Miriam Cates and I have a different idea of what Thatcherism was all about. To me, the Lady T era was more feminist than any other before or after because it included all people, including women, in its vision of work, wealth, power and success. It did so without all the carry on about menstruation and endometriosis and menopause and who knows what else that comes with female empowerment discourse today.
‘I felt like nothing more than a drudge,’ said Thatcher in a 1954 interview in Forward, a Conservative pamphlet, of being at home with two babies and the housework after the mental stimulation of chemistry and law. Later, she would extol the virtues of women’s role in the home as doting mothers and responsible housekeepers and decry ‘women’s lib’. But Thatcher had a quintessential belief in women’s ability to get to all the top tables, and she was among the few Conservatives to vote in favour of universal abortion (and the decriminalisation of homosexuality).

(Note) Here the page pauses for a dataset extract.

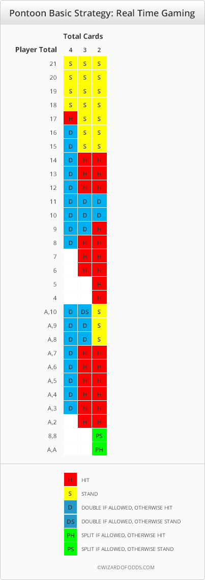 निम्नलिखित तालिकाएँ RTG, Playtech, Galewind, Betsoft और Cryptologic नियमों के तहत पोंटून के लिए बुनियादी रणनीति दर्शाती हैं। Betsoft इस्तेमाल किए गए डेक की संख्या नहीं बताता है, लेकिन वे अपने सभी मानक ब्लैकजैक खेलों में छह डेक का उपयोग करते हैं।
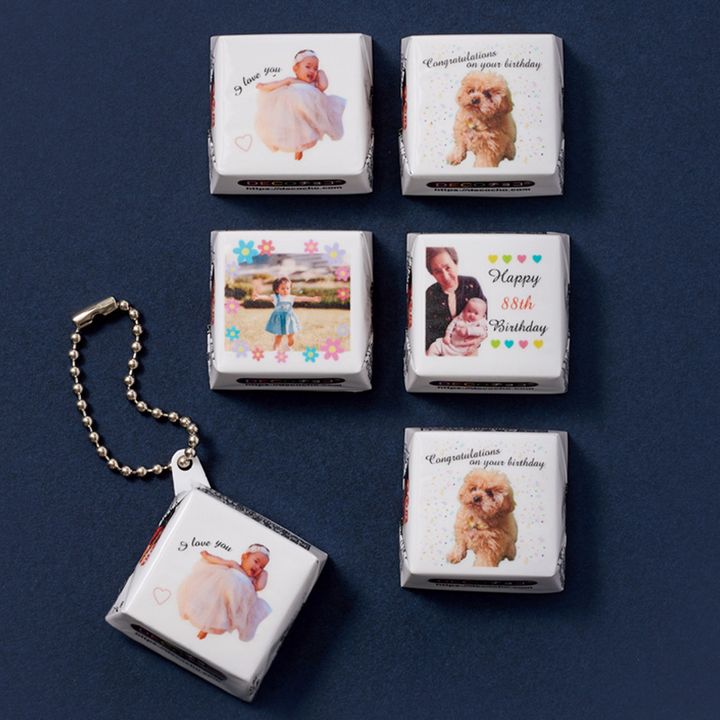 二次会の引き菓子などでお馴染みのオリジナルチロルチョコを、孫と飼い犬の写真で両親に作ってプレゼント。さらに形に残したかった包装紙は、専用キットでチロルチョコ型のキーホルダーにカスタムして渡したら可愛い!と喜んでくれました。(小川小百合さん)

The ‘no one can replace mum’ idea seems naive and uncreative, strongly rooted in Victorian ideas of domesticity
But to Miriam Cates, Thatcher’s laser focus on incentivising economic ambition for all members of society is at odds with all that is good for women. The Tories, she told the Telegraph’s Chopper podcast last week, need to finally break free of the influence of the Thatcher years which, she said, were ‘unconservative’. She criticised Jeremy Hunt’s childcare reforms for handing incentives to working parents, not stay at home mums, and argued for tax-breaks for full-time mothers as recognition for their ‘investment in society’. Cates spoke scathingly of ‘outsourc[ing] that unbreakable bond to institutional childcare’ and added: ‘no one can replace mum’.
It’s true that Cates is espousing a standard Conservative narrative about the glories of 24/7 motherhood, of being there for every burp and gurgle and first word, of the dignity of women’s charge over warm pies and their unique role in forging lovely traditional family bonds and a cosy hearth. But I prefer Thatcher’s more sophisticated approach: on one hand, to speak warmly of women’s role in the home and on the other, to put policy energy into encouraging everyone to have the best careers they can, leaving them to work out the rest.

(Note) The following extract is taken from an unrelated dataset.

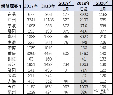 2020年1月的东莞、北京、苏州、深圳、郑州等北方省会城市的的客车表现较好。部分城市19年销量超越18年全年。

What Thatcher knew is that everybody likes money (even lefties), especially money they’ve earned themselves. Creating an environment in which people can reap the rewards of their work, or their wealth, was something she could do. But, beyond guaranteeing freedom of sexuality and the right to abortion, she also knew that foisting philosophies of gender (‘no one can replace mum’) or the politics of personal choice (what value to place on marriage and reproduction) was not the best use of the state, especially the fiscally liberal one Britain urgently needed.
Speaking as someone whose mother worked full-time while raising two children, the ‘no one can replace mum’ idea seems naive and uncreative, strongly rooted in sentimentalised Victorian ideas of domesticity. It’s also a little misleading: no one is replacing mum. But someone, or some people, are allowing little Juno or Oscar to be looked after brilliantly. Meanwhile mum can continue to build her career, retain professional confidence, stay sane, and help shore up family finances, which will in turn help when little Oscar wants to go to an expensive university.
Children can love many people at once. Mum will always be front of the queue, but there’s room for nursery staff, babysitters, neighbours, grandparents, au pairs and nannies – and even, god forbid, dad. It is a huge mistake to think that children need their mothers there all the time. What they need is to feel safe, secure, and loved and the two are not necessarily the same thing.
A true feminist, a la Thatcher, might figure that it doesn’t hurt for a child to see their mother building a thriving career; seeing mine do so was inspiring and made me more confident. It’s true that one can argue over how well Thatcher’s children turned out, but there are never any guarantees whether you’re a housewife or a stock broker – or the most important PM in post-war British history.
Perhaps the most serious political problem with the Catesian perspective is that on one hand it encourages mothers to ‘lean out’ of work and the world of professional ambition, to quote the much-maligned but excellent Cheryl Sandberg, and then to blame patriarchy when women are still relatively absent from the top tables of business and global affairs. But I don’t think you can have it both ways.
For this reason, Rishi and Hunt’s childcare policy – aimed at making it easier for women to go back to work after having children – is a good one, exactly because it channels the spirit of Thatcher.